This week has seen
the KSE100 index act like a seesaw both intraday and day-to-day. Over the past
few days, news headlines have been plastered with how the ‘bulls’ or ‘bears’
have taken over the Pakistan Stock Exchange (PSX). But why has there been so much
volatility, particularly this week?
When someone would
ask JP Morgan (the man, not the bank) what the stock market would do, he would
say, “I can tell you exactly what it will do for years to come. It will
fluctuate”. And that very well stands true for any stock market. But this statement is even more
true when uncertainty is pervasive.
Currently, Pakistan
is going through a nervy phase. The National Assembly has been dissolved and
the caretaker government is due to takeover. However, the Caretaker Prime
Minister has not been appointed yet. Moreover, there is huge unclarity over how
long the caretaker setup will last and what their mandate would be.
All this had led
to a lack of confidence among investors. And when there’s a lack of confidence
or an abundance of confusion, markets tend to work like a gambling racket. Just like Pakistan
Men’s Cricket Team, the stock market too is ‘one minute down, next minute up’.
Unfortunately,
this lack of confidence has been taken advantage of. Certain market
participants (ahem, brokers, ahem) pumped and dumped certain pieces of news
through their network of WhatsApp groups. For instance, there has been a lot of
speculation over the resolution of gas circular debt. These rumors have been vigorously
pumped as the truth on some days and a lie on other days. Resultantly,
index-heavy oil and gas SOEs like PSO, OGDC, PPL and SNGP have seen heightened volatility.
On the 8th
of August, both oil & gas saw heavy selling as the same market participants
pushed forth the view that the caretaker government cannot clear circular debt –
which is false. After amendment of the Election Act 2017, caretaker government is
empowered to take policy decisions such as clearance of circular debt.
Similarly, the new
refinery policy was pumped positively on one day and seen completely negatively
the next day. As a consequence, refinery stocks, too, have been a victim of
aggressive news manipulation.
Although, these
are specific incidences of what caused the spike in volatility, there are
underlying reasons for why PSX is a relatively more volatile market. For example,
the high usage of stop-loss orders amplifies volatility. Brokers regularly encourage
their clients to put stop-losses at certain price or support levels.
Now, when the market
witnesses even a slight bit of selling at market price, a huge number of
stop-loss orders get activated and the selling intensifies. This creates a price-to-price
feedback loop where lower prices encourage more selling, activating more
stop-loss selling and so on.
Furthermore, some players
in the market can use information about levels at which stop-loss orders are
placed to generate huge selling to make a stock cheaper.
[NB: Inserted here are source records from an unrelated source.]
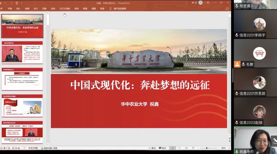 12月12日晚上,青年讲师团成员祝鑫老师为理学院信息2201、信息2202、信息2203团支部同学进行了以“中国式现代化:奔赴梦想的远征”为主题的宣讲。会议伊始,祝鑫老师向同学们提出“什么是现代化?”“什么是中国式现代化?”两个问题,结合历史背景为同学们讲解中国式现代化的产生和历程。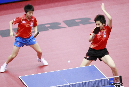 横滨,2009年4月30日 (体育)(4)乒乓球——世乒赛:郭跃/李晓霞晋级 4月30日,中国选手郭跃/李晓霞(右)在比赛中。当日,在第50届世乒赛女双首轮比赛中,郭跃/李晓霞以4比1战胜法国选手格伦迪什/马滕特,顺利晋级。 新华社记者任正来摄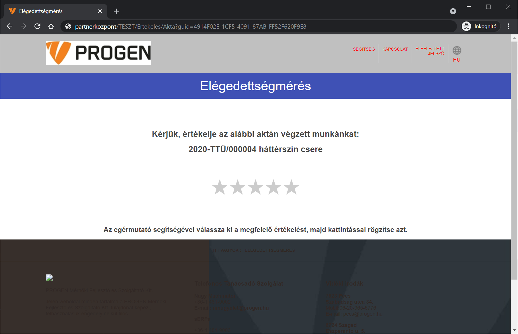 Az értékelés a csillagra való kattintással történik, azonnal, nem szükséges okézás, vagy beküldés gomb megnyomása(nem is érhető el).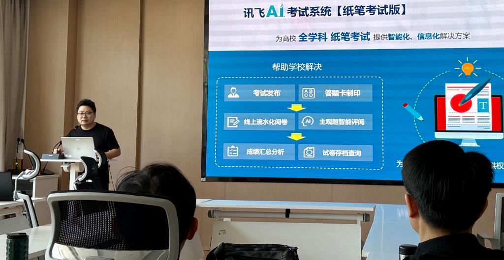 培訓中,科大訊飛專業技術人員詳細介紹了訊飛智能化閱卷平臺的功能,演示了自由組卷、智能批改、原卷留痕、學情診斷等多元場景的操作流程。借助智能化平臺,教師不僅可以提升批閱效率,還能獲得詳細的學情分析報告,更好地實現教學策略的調整。教師們認真聆聽,積極提問,就實際使用中可能遇到的問題與技術人員展開深入交流。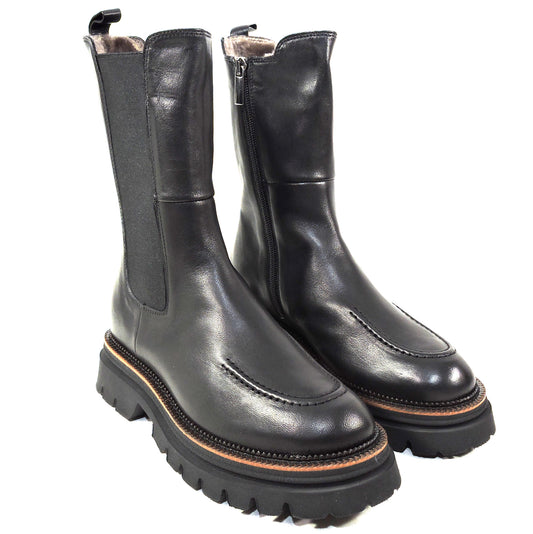 CHIARA COLINI 🇮🇹 WOMEN'S BLACK SOFT LEATHER WINTER FUR CHELSY BOOTIE BOUTIQUE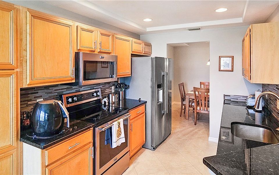 Welcome to Sandoval—Cape Coral’s premier gated resort-style community—where this stunning first-floor, TURNKEY waterfront condo offers the perfect combination of comfort, style, and lifestyle. Whether you’re searching for a year-round home, seasonal getaway, or income-producing rental, this 2-bedroom + den, 2-bathroom residence is move-in ready—just bring your clothes and toothbrush! This former DR Horton Heron model has been tastefully furnished and decorated, featuring a spacious open layout with a separate dining area, breakfast nook, and a relaxing screened lanai that overlooks a peaceful lake. BEST VIEW IN THE COMMUNITY!! This is why the builder made it their model! The kitchen features stainless steel appliances and ample glazed wood cabinets, Black Granite countertops, Stainless Steel Appliances, and tile backsplash, while the primary suite boasts a large walk-in closet and dual sinks with granite countertops in the en suite bathroom. Enjoy the Florida lifestyle with wall-to-wall tile with only carpet in the bedrooms., in-unit laundry, updated lighting, and everything you need—from linens to kitchenware—included in the sale. For peace of mind, this condo did not flood during Hurricane Ian.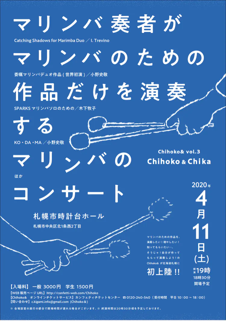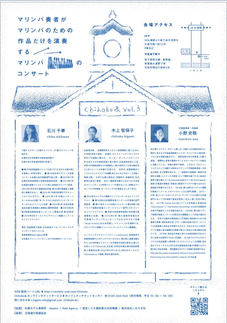 皆様はじめまして!マリンバ弾きの木上智保子と申します。マリンバのための作品を、演奏したい!増やしたい!知ってもらいたい…。そうじゃ!自分が作ってもらって演奏しよう!と2018年に始めたコンサートシリーズ「Chihoko&」が東京を飛び出し初めて北海道札幌で開催することになりました!
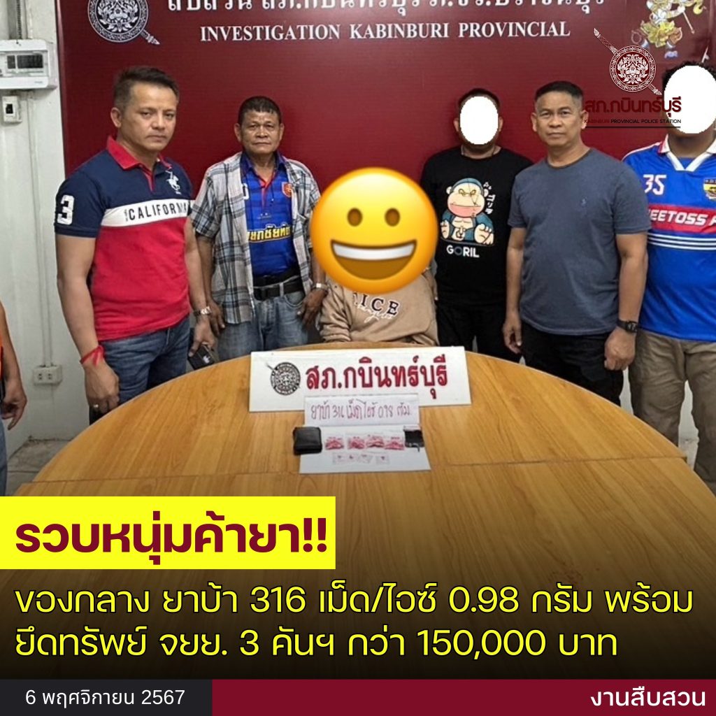 ร่วมจับกุมตัวผู้ต้องหา นายอนันต์ หรือโอ๊ต อายุ 30 ปี ที่อยู่ ม.16 ต.เมืองเก่า อ.กบินทร์บุรี จ.ปราจีนบุรี พร้อมของกลาง 1. ยาบ้า จำนวน 316 เม็ด และ 2. ไอซ์ น้ำหนักสุทธิ 0.98 กรัม กระทำความผิดฐาน “จำหน่ายยาเสพติดให้โทษประเภท 1 (ยาบ้า,ไอซ์) โดยการมีไว้ในครอบครองเพื่อจำหน่ายโดยไม่ได้รับอนุญาตอันเป็นการกระทำเพื่อการค้าและก่อให้เกิดการแพร่กระจายในกลุ่มประชาชน”

This allows them to shadily
buy back the shares at a lower price.
On top of all
this, PSX investors appear to have a high confidence multiplier. That
is, when the market goes up, confidence returns doubly but when the market goes
down, confidence tanks harder. This creates an intensified price-to-price
feedback where higher share prices produce more buying and vice versa.
And then there are
our lovely technical analysts. These analysts come out with their charts and
get spooked when their charts start showing them ghosts. And when these
analysts share their charts showing wiggly but scary lines, the market gets
spooked too because if others believe the index will fall, why shouldn’t they
believe it? Sell before others would sell, no?
Finally, we arrive
at our famous ‘profit-taking’ behavior. Brokers frequently recommend profit-taking
to their clients. As a result, volumes intensify but so does selling pressure which
again lands the market in a destructive feedback loop.
So, the magnified volatility is not a consequence of one factor but a multitude of them. But who is the main culprit in causing such volatility? Uneducated investors? A passive SECP? Brokers? Depends on who you are and how you look at the racket.